- INSTRUCTIONS TO FOLLOW:
Write out the data below exactly, from its first line to the line containing "أخبرنا الفضل بن", that line included.

- Stored entries:
□ □ □
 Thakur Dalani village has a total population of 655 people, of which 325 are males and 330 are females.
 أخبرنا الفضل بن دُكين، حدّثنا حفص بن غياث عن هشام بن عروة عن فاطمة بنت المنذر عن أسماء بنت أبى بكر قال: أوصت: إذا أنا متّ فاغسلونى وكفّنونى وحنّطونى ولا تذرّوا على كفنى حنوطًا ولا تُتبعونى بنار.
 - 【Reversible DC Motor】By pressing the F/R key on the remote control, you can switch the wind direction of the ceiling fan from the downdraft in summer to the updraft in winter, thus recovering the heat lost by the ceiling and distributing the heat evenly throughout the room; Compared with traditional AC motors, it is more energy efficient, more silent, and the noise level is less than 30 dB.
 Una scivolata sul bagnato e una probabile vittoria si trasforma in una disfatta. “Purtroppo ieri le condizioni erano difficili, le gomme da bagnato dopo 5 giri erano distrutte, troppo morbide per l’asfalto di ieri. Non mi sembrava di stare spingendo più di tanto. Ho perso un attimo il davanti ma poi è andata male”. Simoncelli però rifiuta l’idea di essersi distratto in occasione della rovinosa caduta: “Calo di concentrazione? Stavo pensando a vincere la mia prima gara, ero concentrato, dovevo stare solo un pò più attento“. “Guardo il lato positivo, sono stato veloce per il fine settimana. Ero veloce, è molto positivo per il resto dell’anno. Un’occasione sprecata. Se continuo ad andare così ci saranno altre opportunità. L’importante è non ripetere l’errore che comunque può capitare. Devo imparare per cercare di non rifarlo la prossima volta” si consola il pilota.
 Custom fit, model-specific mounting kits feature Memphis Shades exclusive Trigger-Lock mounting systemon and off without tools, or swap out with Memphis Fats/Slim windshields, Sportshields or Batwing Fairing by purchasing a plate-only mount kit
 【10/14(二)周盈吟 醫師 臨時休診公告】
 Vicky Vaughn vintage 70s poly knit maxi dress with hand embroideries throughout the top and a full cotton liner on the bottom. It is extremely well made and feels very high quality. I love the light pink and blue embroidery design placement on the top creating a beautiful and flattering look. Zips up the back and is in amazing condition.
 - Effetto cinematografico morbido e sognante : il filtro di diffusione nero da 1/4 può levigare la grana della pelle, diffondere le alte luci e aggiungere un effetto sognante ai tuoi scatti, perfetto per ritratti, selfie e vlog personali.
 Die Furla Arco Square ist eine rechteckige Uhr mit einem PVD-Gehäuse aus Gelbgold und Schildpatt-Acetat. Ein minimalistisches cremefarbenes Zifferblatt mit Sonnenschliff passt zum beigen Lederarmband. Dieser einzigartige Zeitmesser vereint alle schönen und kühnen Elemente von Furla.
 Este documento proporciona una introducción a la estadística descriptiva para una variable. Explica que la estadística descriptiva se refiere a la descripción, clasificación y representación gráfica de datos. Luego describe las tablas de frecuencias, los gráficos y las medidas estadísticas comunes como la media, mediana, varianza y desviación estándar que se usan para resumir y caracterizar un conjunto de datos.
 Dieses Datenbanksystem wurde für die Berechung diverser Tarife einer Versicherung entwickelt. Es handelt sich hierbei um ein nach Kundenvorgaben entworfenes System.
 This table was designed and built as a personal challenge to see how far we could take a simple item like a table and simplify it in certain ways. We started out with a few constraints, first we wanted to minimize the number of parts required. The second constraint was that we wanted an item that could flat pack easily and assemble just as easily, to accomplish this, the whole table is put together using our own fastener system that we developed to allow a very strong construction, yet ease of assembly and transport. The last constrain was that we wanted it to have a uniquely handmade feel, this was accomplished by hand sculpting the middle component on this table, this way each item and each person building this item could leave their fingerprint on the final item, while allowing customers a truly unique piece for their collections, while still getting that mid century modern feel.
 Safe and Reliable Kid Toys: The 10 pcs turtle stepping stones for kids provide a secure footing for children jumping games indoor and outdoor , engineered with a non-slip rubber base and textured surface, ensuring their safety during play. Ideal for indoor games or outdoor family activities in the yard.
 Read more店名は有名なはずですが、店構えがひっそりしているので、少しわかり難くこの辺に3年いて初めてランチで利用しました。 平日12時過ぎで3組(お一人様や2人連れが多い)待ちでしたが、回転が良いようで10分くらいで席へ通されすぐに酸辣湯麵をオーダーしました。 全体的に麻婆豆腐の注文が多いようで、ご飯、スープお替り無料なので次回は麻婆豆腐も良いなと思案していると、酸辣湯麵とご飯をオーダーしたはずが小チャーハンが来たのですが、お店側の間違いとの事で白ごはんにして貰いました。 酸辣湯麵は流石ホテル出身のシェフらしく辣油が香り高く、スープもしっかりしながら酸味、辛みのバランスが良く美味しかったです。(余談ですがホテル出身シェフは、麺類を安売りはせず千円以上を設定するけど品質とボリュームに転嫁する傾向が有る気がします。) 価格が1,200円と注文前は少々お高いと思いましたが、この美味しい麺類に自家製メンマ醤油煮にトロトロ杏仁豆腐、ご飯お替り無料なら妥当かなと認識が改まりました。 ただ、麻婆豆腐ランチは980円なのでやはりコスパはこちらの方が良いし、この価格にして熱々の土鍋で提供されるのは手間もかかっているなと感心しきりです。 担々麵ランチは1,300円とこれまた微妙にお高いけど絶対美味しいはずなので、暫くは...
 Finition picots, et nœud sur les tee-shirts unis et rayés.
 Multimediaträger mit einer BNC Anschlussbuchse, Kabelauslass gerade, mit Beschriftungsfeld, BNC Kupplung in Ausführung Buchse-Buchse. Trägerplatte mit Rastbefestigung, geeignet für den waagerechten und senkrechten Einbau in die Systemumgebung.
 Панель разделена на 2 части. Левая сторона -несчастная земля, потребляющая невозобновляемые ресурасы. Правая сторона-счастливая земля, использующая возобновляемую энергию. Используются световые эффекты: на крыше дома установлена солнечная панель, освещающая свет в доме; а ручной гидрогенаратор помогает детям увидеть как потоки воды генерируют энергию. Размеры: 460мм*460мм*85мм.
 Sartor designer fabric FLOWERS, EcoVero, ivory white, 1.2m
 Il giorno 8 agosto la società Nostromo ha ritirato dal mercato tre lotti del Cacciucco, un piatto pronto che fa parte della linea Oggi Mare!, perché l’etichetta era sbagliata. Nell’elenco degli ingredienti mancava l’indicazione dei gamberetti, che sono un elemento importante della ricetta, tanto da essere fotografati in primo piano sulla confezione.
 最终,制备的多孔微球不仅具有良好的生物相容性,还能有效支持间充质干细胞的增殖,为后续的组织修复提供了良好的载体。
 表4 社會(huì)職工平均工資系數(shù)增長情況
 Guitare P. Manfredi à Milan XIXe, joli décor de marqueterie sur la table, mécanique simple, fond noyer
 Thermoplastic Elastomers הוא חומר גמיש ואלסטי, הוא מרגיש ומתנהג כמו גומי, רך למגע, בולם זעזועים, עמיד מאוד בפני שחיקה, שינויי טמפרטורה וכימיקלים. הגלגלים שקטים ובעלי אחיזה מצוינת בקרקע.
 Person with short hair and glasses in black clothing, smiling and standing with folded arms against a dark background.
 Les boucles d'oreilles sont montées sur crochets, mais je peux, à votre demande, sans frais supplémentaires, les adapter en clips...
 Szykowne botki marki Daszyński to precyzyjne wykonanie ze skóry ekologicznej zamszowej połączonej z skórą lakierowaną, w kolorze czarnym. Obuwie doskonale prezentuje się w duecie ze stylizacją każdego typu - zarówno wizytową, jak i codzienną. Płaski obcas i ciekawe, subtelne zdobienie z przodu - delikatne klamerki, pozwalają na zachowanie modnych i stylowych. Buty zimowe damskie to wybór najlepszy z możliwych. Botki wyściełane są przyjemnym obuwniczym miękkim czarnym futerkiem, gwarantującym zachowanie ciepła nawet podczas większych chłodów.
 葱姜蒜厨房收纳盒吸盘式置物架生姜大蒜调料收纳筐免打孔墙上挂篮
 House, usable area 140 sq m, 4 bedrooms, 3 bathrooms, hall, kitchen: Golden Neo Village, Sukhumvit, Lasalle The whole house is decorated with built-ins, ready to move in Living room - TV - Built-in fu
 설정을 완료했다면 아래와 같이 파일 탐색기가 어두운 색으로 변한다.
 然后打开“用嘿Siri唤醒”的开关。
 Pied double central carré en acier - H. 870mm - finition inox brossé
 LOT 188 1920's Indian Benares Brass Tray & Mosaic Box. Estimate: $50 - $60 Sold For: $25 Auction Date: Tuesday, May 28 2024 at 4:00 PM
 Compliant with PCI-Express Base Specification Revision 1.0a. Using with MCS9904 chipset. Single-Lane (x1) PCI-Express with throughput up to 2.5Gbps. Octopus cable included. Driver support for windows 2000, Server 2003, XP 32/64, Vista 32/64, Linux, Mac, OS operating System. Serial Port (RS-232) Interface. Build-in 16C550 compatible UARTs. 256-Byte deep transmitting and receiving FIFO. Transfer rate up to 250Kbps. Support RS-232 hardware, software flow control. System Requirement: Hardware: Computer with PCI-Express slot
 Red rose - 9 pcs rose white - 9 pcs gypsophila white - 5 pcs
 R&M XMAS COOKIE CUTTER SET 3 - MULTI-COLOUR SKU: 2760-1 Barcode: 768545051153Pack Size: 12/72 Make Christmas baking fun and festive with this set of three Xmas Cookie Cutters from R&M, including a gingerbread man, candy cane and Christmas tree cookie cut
□ □ □
- COMPLETED TASK:
 Thakur Dalani village has a total population of 655 people, of which 325 are males and 330 are females.
 أخبرنا الفضل بن دُكين، حدّثنا حفص بن غياث عن هشام بن عروة عن فاطمة بنت المنذر عن أسماء بنت أبى بكر قال: أوصت: إذا أنا متّ فاغسلونى وكفّنونى وحنّطونى ولا تذرّوا على كفنى حنوطًا ولا تُتبعونى بنار.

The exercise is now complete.